Another note, no clock was installed on State and Randolph (built in 1902) until the new State and Washington building was completed in 1907. It was at this time that two new clocks were installed on the corners. That has been confirmed by the controversy discussed in the Tribune articles. The original clock remained on the Singer Building II until it was torn down in 1905.
The clocks were designed by Pierce Anderson in 1906 and built by A. E. Coleman Company in 1907.
BOARD OF TRADE II CLOCK
Architects John A. Holabird and John Wellborn Root Jr. designed this conventional clock (below) clock and gave it a prominent position above Chicago’s financial district. It rests on on the peak of the building’s nine-story facade, below the relief structure of an eagle and between an Indian holding a bag of corn and a bearded figure bearing a sheaf of grain.The group pays tribute to the history of grain agriculture as well as to the role timing plays in making millionaires or paupers out of helping commodities traders.

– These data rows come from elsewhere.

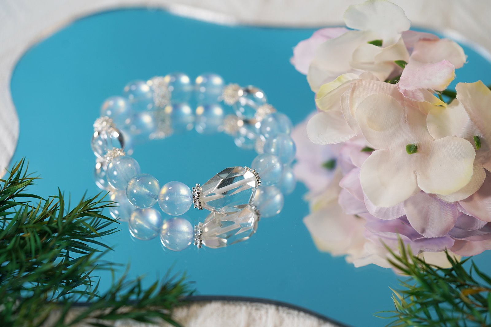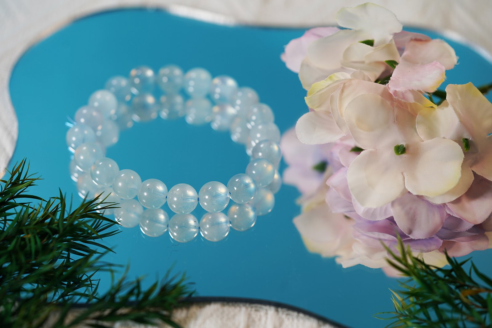 Moonlit Ocean Bracelet – 12mm Moonstone + 14mm Aquamarine | Divine Feminine Energy Flow
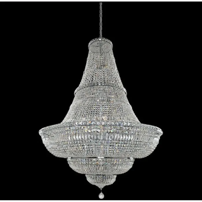 This Empire Style Series features jeweled Firenze Crystal bandings and cascades of Firenze jewels.48" PendantE12 Candelabra0Dimmable: YesDimmer Type: Refer to bulb manufacturer for compatibilitySockets: 56Wattage: 40Lamp Type: E12 CandelabraBulbs Incl#: NoMax Height: 71
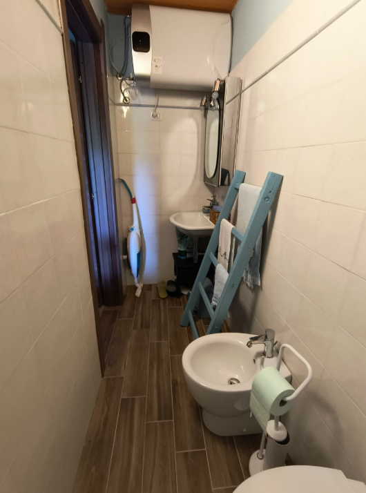 Eerste verdieping: een ruime hoofdslaapkamer, een tweede slaapkamer met vide die momenteel is ingericht als inloopkast (met mogelijkheid tot herinrichting als kantoor of extra kamer), een badkamer met ligbad en een ruime woonkeuken met toegang tot een panoramisch balkon. Vanaf hier geniet u van een prachtig uitzicht over de heuvels van Calosso, tussen wijngaarden en wijnranken, wat zorgt voor een bijzonder charmante en rustige sfeer.
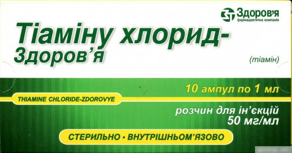 ТІАМІНУ ХЛОРИД-Здоров'я розчин для ін'єкцій 5% амп. 1мл №10
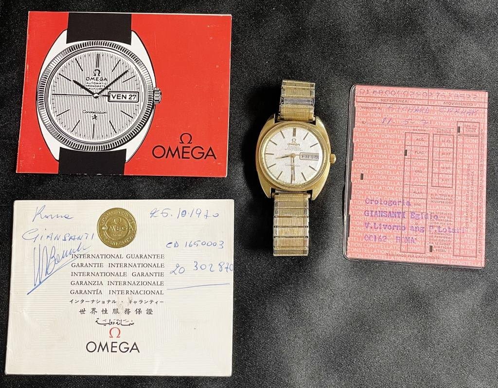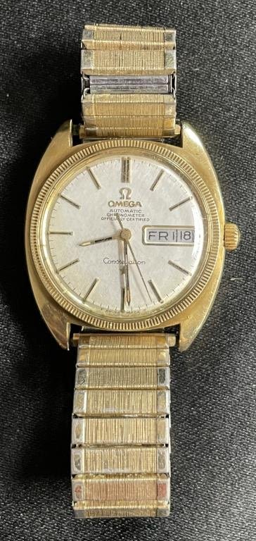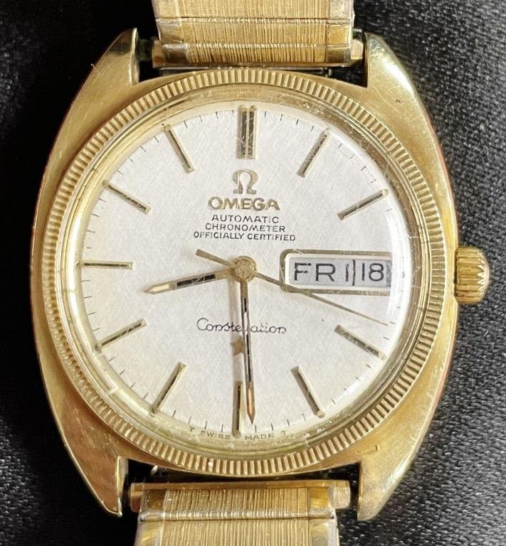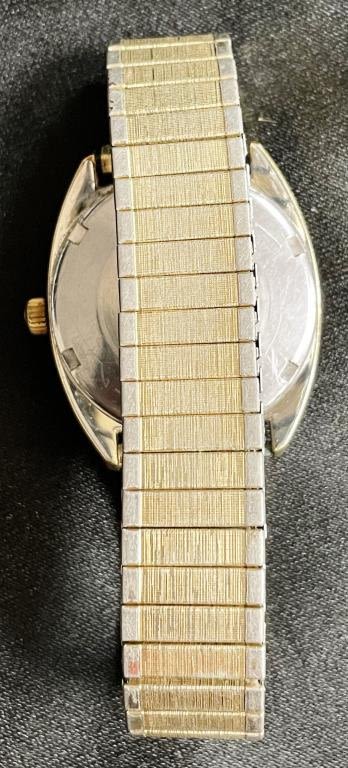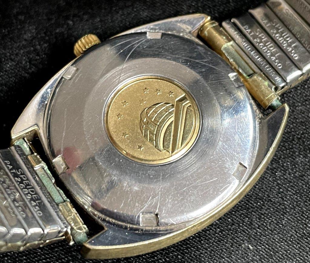 Perfect Linen Dial Original Yellow Gold Capped Case With Steel Screwback Featuring Gold Constellation Logo; 24 Jewel Cal 751 Movement; Vintage Stretch Bracelet; 168.029 Case Reference; Also Included – Warranty Card
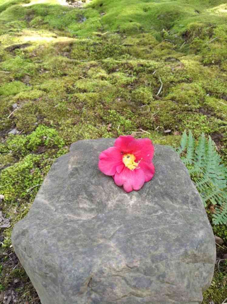 石の上に1輪のちり椿
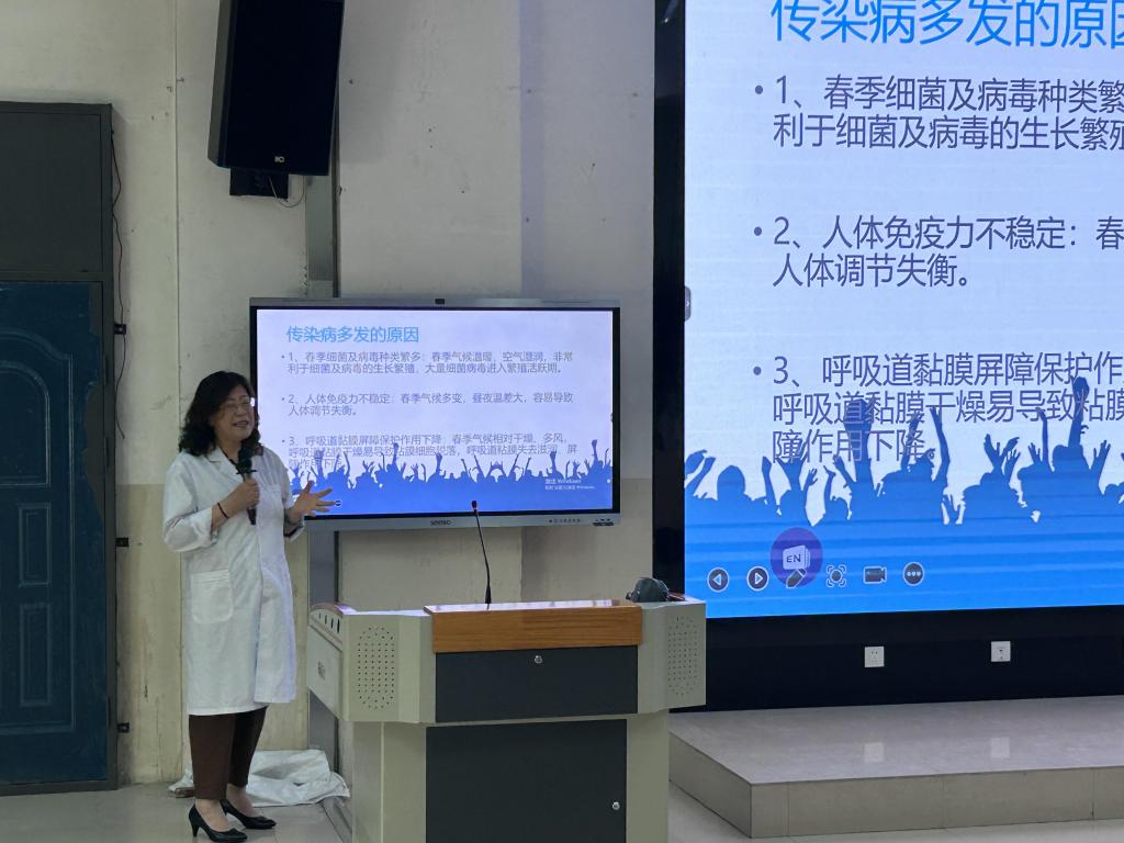 讲座中,王玉英老师从春季传染病概述、环境卫生与消毒措施、疫苗接种与预防措施、合理膳食与营养补充、锻炼身体增强体质的重要性及个人卫生习惯培养等方面,理论与实际相结合,深入浅出地进行了科普讲解,引导护理系学生们正确认识春季传染病,养成良好的卫生生活习惯,树立积极健康的生活观念。

GIANT CLOCK SET BACK; DAYLIGHT TIME ENDS
Leonard Venturono and Edward Hoyer pushing- back hands of mammoth timepiece on Board of Trade building. Chicago returned to standard time at 2 o’clock this morning.
September 30, 1934.
NOTES:
1 Waterbury Watch (1877-1898) quickly fell into bankruptcy due to poor sales techniques, where jobbers and salesmen gave away much of the products as loss leaders with little regard to the company’s future, thereby cheapening the products’ perceived value.